CG: Yes, because our process is still evolving every day. We’re always trying something new. We can get very excited about a design one day – we feel it’s so great that the world is going to stop turning on its axis – then we look at it the next day and realise it was actually pretty terrible and the world crumbles. [Laughs.]. We repeat the process for many days and eventually a new series of objects comes out of the workshop.

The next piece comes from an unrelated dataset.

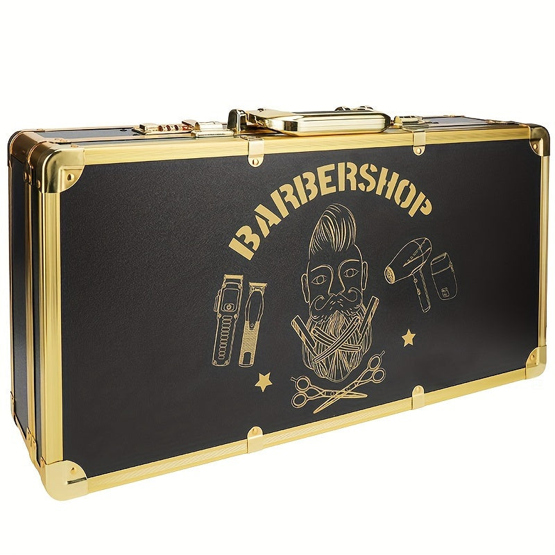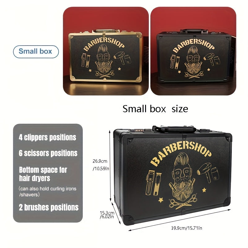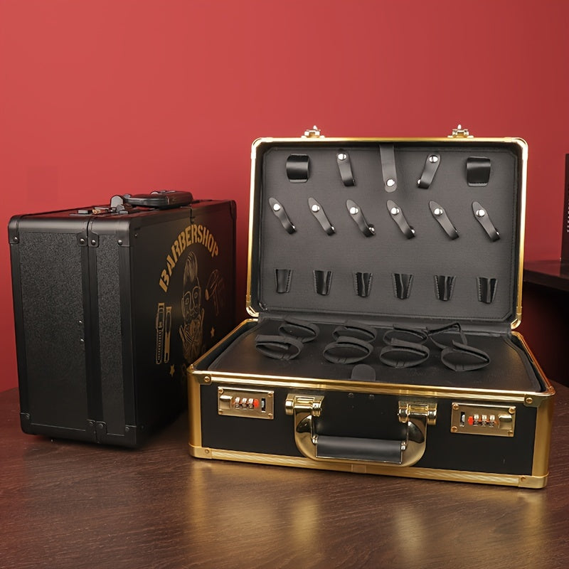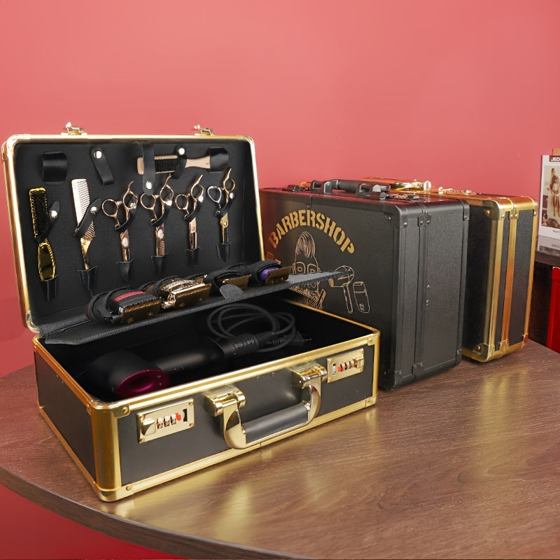 Qassoblar uchun mo'ljallangan qattiq saqlash qutisi, qaychi, taroq, moy va aksessuarlar bilan

We’ve spent a lot of time recently designing the renovation of our workshop. It used to be a car repair shop, and we are turning it into a liveable workspace. It’s our first architecture project, and quite a big one, so it’s both very exciting and terrifying at the same time. It’s probably a good thing; the mark of a project worth pursuing.
SG: And we’ve been thinking of places that excite us. Not necessarily for design ideas, but more for a feeling. To think of unusual and unexpected nooks you don’t know you need. I love the Judd Foundation in New York. The last time we were there, our tour guide pointed to a niche below the staircase and asked if anyone could guess what it was. A place for storage, or a safe? It was actually a hidden puppet theatre that Judd had built for his kids. We couldn’t believe it. Donald Judd, on top of being Judd, and doing all his Judd things like building a ranch and being one of the most celebrated artists of the century, had the time to build puppet theatre for his kids! I hate using this word, but it was quite inspiring. Generally speaking though, I think that finding inspiration is not the issue – we are bombarded with inspiration. The challenge is to shield oneself from that information overload and develop the capacity to distinguish what’s actually great from the rest.